TASK OBJECTIVE => Leaving every image behind, reproduce the records word for word.

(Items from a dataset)

· · · ·

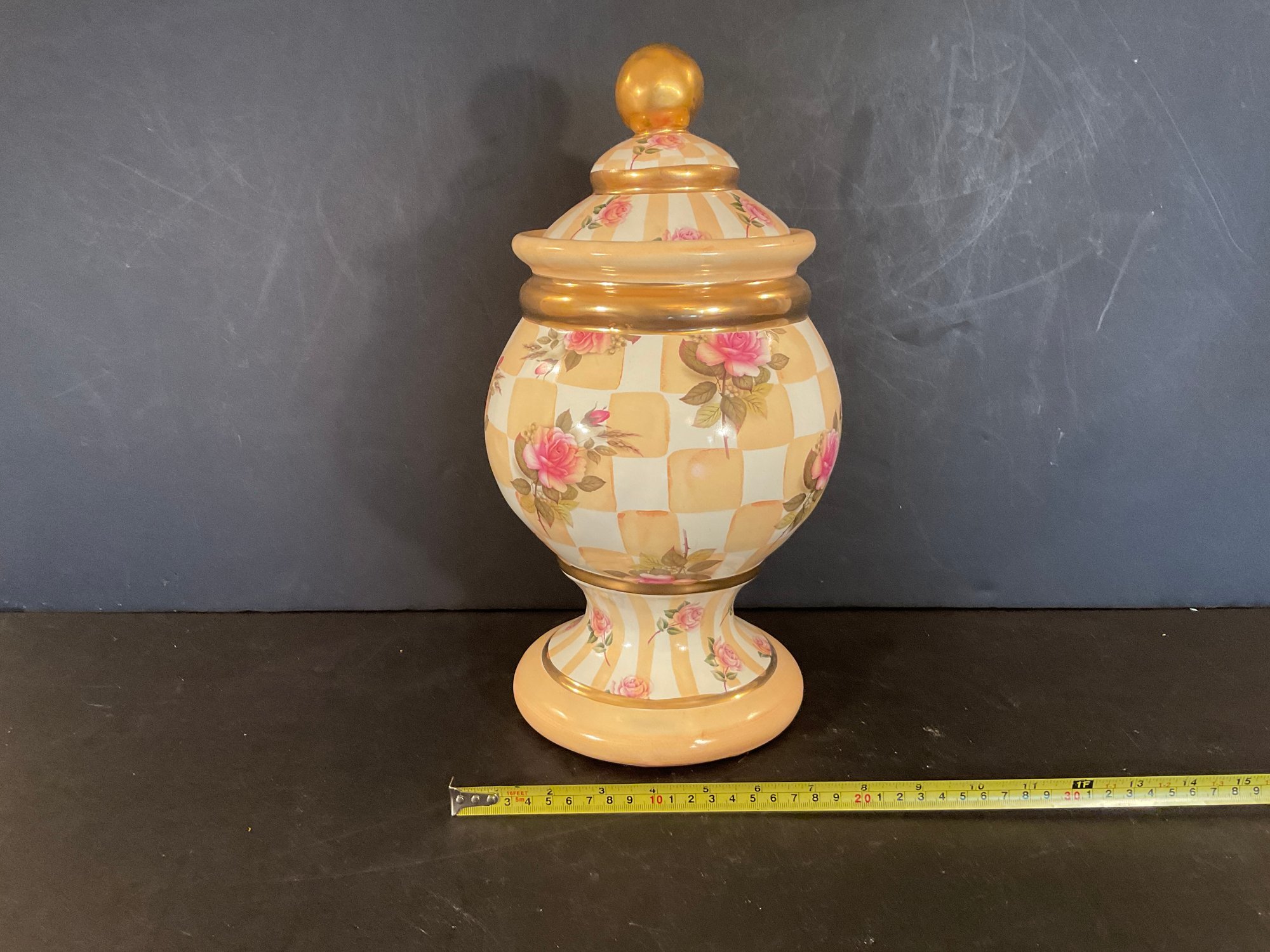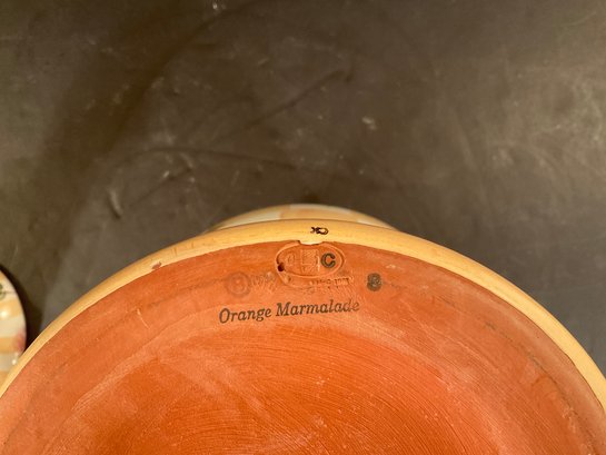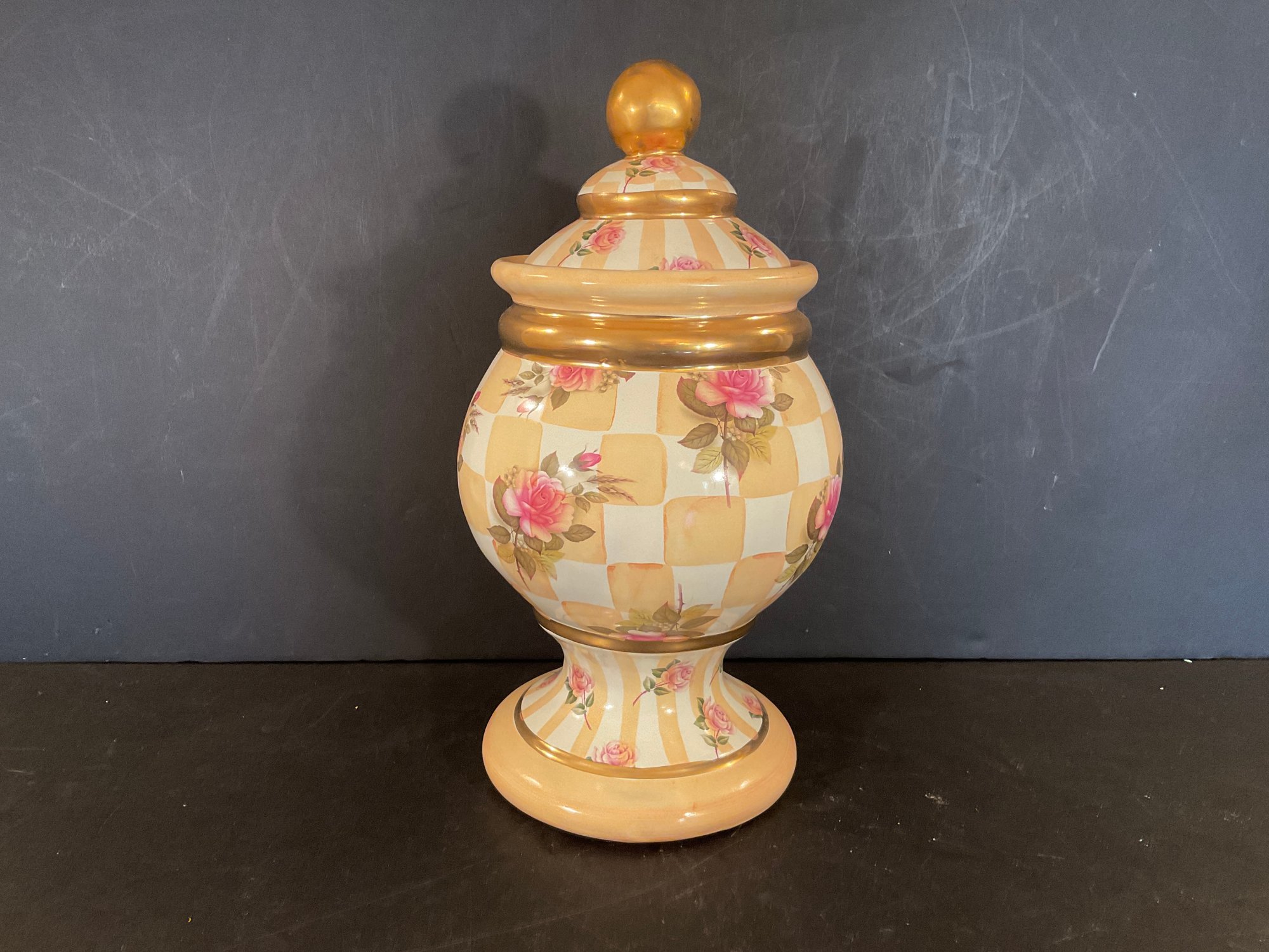 A very nice globe shaped covered urn signed by MacKenzie Childs. This urn is in the orange marmalade pattern.
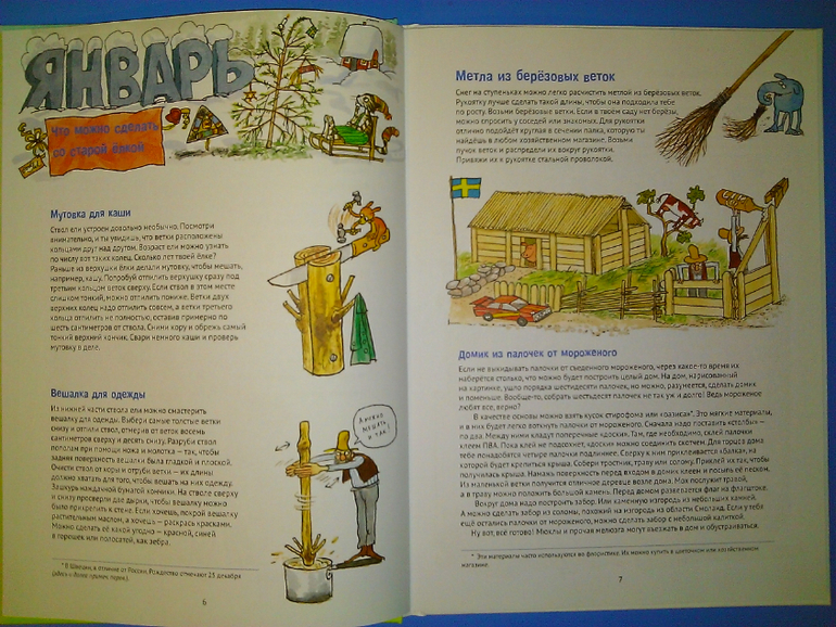 В январе Финдус вам предложит сделать вешалку для одежды из старой ели (это к папе) или домик из палочек от мороженного или необычный автомобиль.
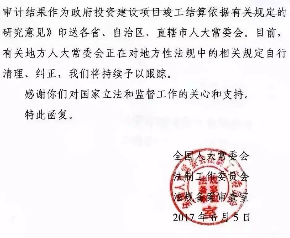 2013年,中建协联合26家地方建筑业协会和有关行业建设协会两次向全国人大常委会申请对规定“以审计结果作为工程竣工结算依据”的地方性法规进行立法审查,并建议予以撤销。 2015年5月中建协再次向全国人大常委会法工委提交申请,进一步说明这一地方性法规给施工企业造成的经济损失,引起了法工委的高度重视。 2月22日,法工委印发《对地方性法规中以审计结果作为政府投资建设项目竣工结算依据有关规定的研究意见》,要求各省、自治区、直辖市人大常委会对所制定或者批准的与审计相关的地方性法规开展自查,对有关条款进行清理纠正。 6月5日,法工委复函《关于对地方性法规中以审计结果作为政府投资建设项目竣工结算依据有关规定提出的审查建议的复函》。该复函提出,经过充分调研和征求意见,认为地方性法规中直接以审计结果作为竣工结算依据和应当在招标文件中载明或者在合同中约定以审计结果作为竣工结算依据的规定,限制了民事权利,超越了地方立法权限,应当予以纠正。 目前,此项工作各地现已完成自查,对相关条款的清理修订工作亦在抓紧落实。
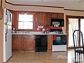 Clean and neat ranch close to major highways. Updated kitchen flooring, carpet in master bedroom, engineered wood floor in living room and updated bath. Huge kitchen has walk-out to 9 x 14 covered porch; 2 finished rooms in lower level w/walk-out to level corner lot that has 2 driveways, one off Hwy CC and one off Meyer Rd. 38x24 oversized garage for that back-yard mechanic. Home has gas furnace in addition to the baseboard heat but there is currently no propane gas provided for that heat source. Seller presently uses only baseboard heat. E - Z to Show.
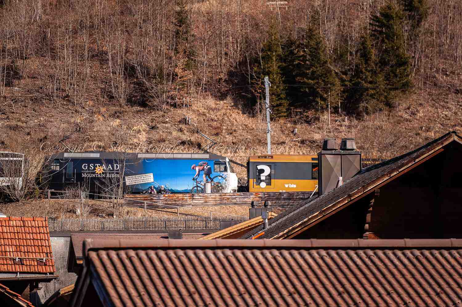 De loc met de reclame voor Gstaad is hier tweemaal omdat de ene neus zwart is en de andere neus wit.

· · · ·

PROBLEM SOLUTION =>
 A very nice globe shaped covered urn signed by MacKenzie Childs. This urn is in the orange marmalade pattern.
 В январе Финдус вам предложит сделать вешалку для одежды из старой ели (это к папе) или домик из палочек от мороженного или необычный автомобиль.
 2013年,中建协联合26家地方建筑业协会和有关行业建设协会两次向全国人大常委会申请对规定“以审计结果作为工程竣工结算依据”的地方性法规进行立法审查,并建议予以撤销。 2015年5月中建协再次向全国人大常委会法工委提交申请,进一步说明这一地方性法规给施工企业造成的经济损失,引起了法工委的高度重视。 2月22日,法工委印发《对地方性法规中以审计结果作为政府投资建设项目竣工结算依据有关规定的研究意见》,要求各省、自治区、直辖市人大常委会对所制定或者批准的与审计相关的地方性法规开展自查,对有关条款进行清理纠正。 6月5日,法工委复函《关于对地方性法规中以审计结果作为政府投资建设项目竣工结算依据有关规定提出的审查建议的复函》。该复函提出,经过充分调研和征求意见,认为地方性法规中直接以审计结果作为竣工结算依据和应当在招标文件中载明或者在合同中约定以审计结果作为竣工结算依据的规定,限制了民事权利,超越了地方立法权限,应当予以纠正。 目前,此项工作各地现已完成自查,对相关条款的清理修订工作亦在抓紧落实。
 Clean and neat ranch close to major highways. Updated kitchen flooring, carpet in master bedroom, engineered wood floor in living room and updated bath. Huge kitchen has walk-out to 9 x 14 covered porch; 2 finished rooms in lower level w/walk-out to level corner lot that has 2 driveways, one off Hwy CC and one off Meyer Rd. 38x24 oversized garage for that back-yard mechanic. Home has gas furnace in addition to the baseboard heat but there is currently no propane gas provided for that heat source. Seller presently uses only baseboard heat. E - Z to Show.
 De loc met de reclame voor Gstaad is hier tweemaal omdat de ene neus zwart is en de andere neus wit.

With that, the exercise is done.